Yeah, we're losing more because we're creating and storing ludicrous amounts of information compared to what we used to. Even if we lose a much higher percentage of that than we did with hardcopied information, and even if only a tiny percentage overall survives, we'll still have way more than we have compared to previous ages.

Of course, if you're attached to a *specific* (e.g.) photograph, then yes, there are problems associated with digital storage that mean it might be lost, and you may still have to take steps to preserve it- but that's a different issue. There's so much out there- in general- that enough of it *will* survive to provide a representative portrait of our society.

IMHO we're already at the stage where we're storing too much information (i.e. random crap on Facebook that will be around forever and may bite you on the arse in future rather than being able to healthily move on and leave the past behind like people were able to do in previous generations).

--
"Slashdot - News and Chat Sites Deviant". (Click "homepage" link above for details).

I dont have this problem by Osgeld · 2013-06-04 14:36 · Score: 0

with office 2007 pro, maybe if your were not using the student license you would have power-point as well

What matters? by tim6890 · 2013-06-04 14:36 · Score: 0

What really matters besides photographs? I back mine up on a number of offsite solutions that I control ( hard drives ) and the re- backup every year on slightly newer hardware. I also rotate through a variety of online cloud solutions and all that stuff to make sure I am backed up on whatever is the current popular services. Okay I realize more than photographs matter bit that's what matters to me. I don't see it being a huge issue.
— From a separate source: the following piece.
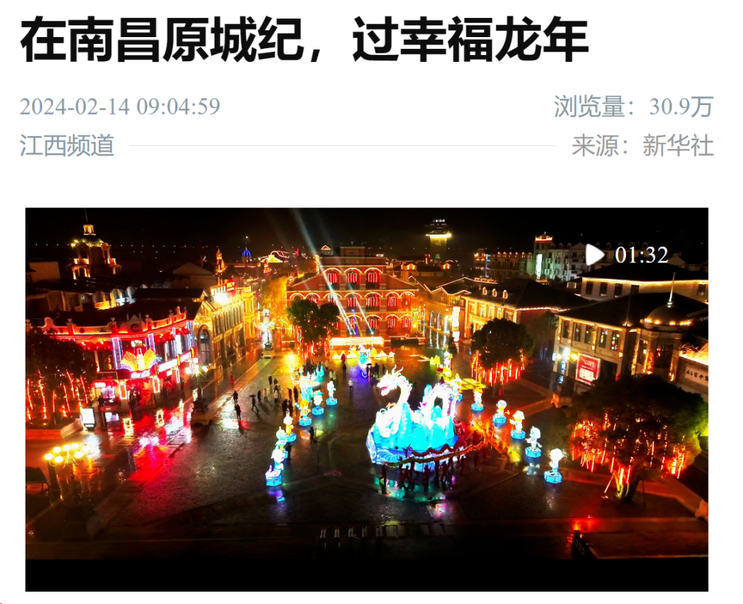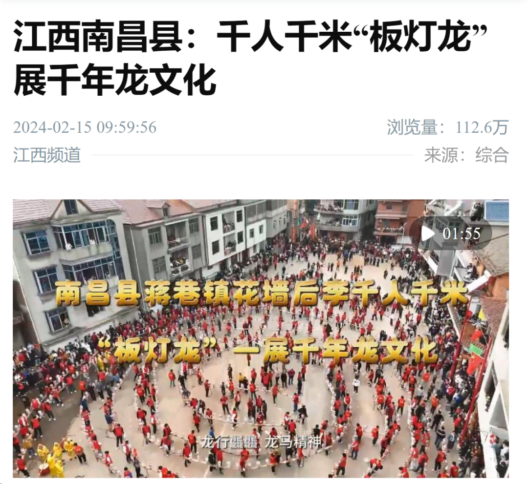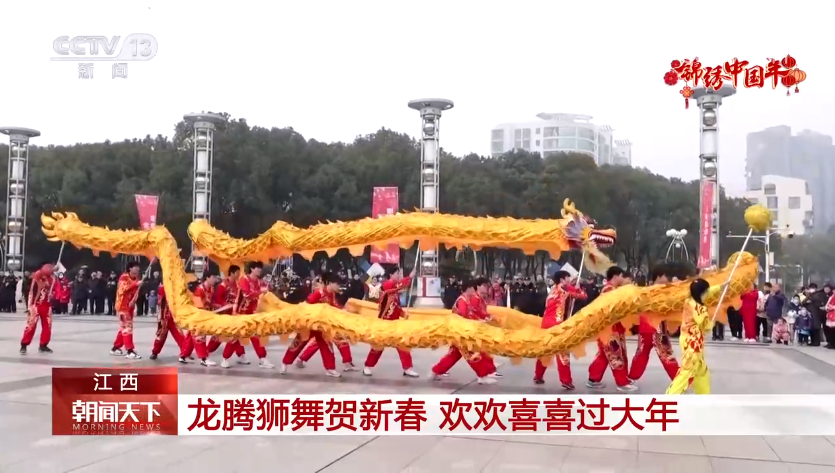 2月10日,央视《朝闻天下》报道:龙腾狮舞贺新春,欢欢喜喜过大年。新春佳节,“舞龙舞狮迎新春”展演活动在南昌县热闹举行,来自南昌县11个乡镇的舞龙舞狮队伍穿梭于人群中,他们身着五彩斑斓的服装,一条条金龙在他们手中时而上下翻腾、时而如灵蛇般穿梭舞动,赢得现场观众阵阵喝彩。

Re:What matters? by Anonymous Coward · 2013-06-04 14:54 · Score: 0

I also tend to think that for historians etc the problem will actually be information overload rather than shortage. Before the 19th Century, the histoircal record can be remarkably scanty. Now there is vast amounts of data being generated about just about everyone. Photos, however, are a problem. Your solution only works while you're around to do the business. Unless one of your children takes up the task, images of you and yours could disappear very quickly, apart from your passport and driver's licence photos. Meanwhile i have a postcard-type photo of my grandmother as a 14-year old taken in the mid-19th Century that has survived quite happily in various shoe boxes.
Re:What matters? by codepigeon · 2013-06-04 15:05 · Score: 1

Ok, so how do you retrieve your photos that you stored on that 8inch floppy disk... 10 years from now?

That is a gross exageration but is an anaolgy to the point of the article. Without proper protections, all the information, notes, white papers, studies, etc will be useless if there doesn't exist technology that can read it.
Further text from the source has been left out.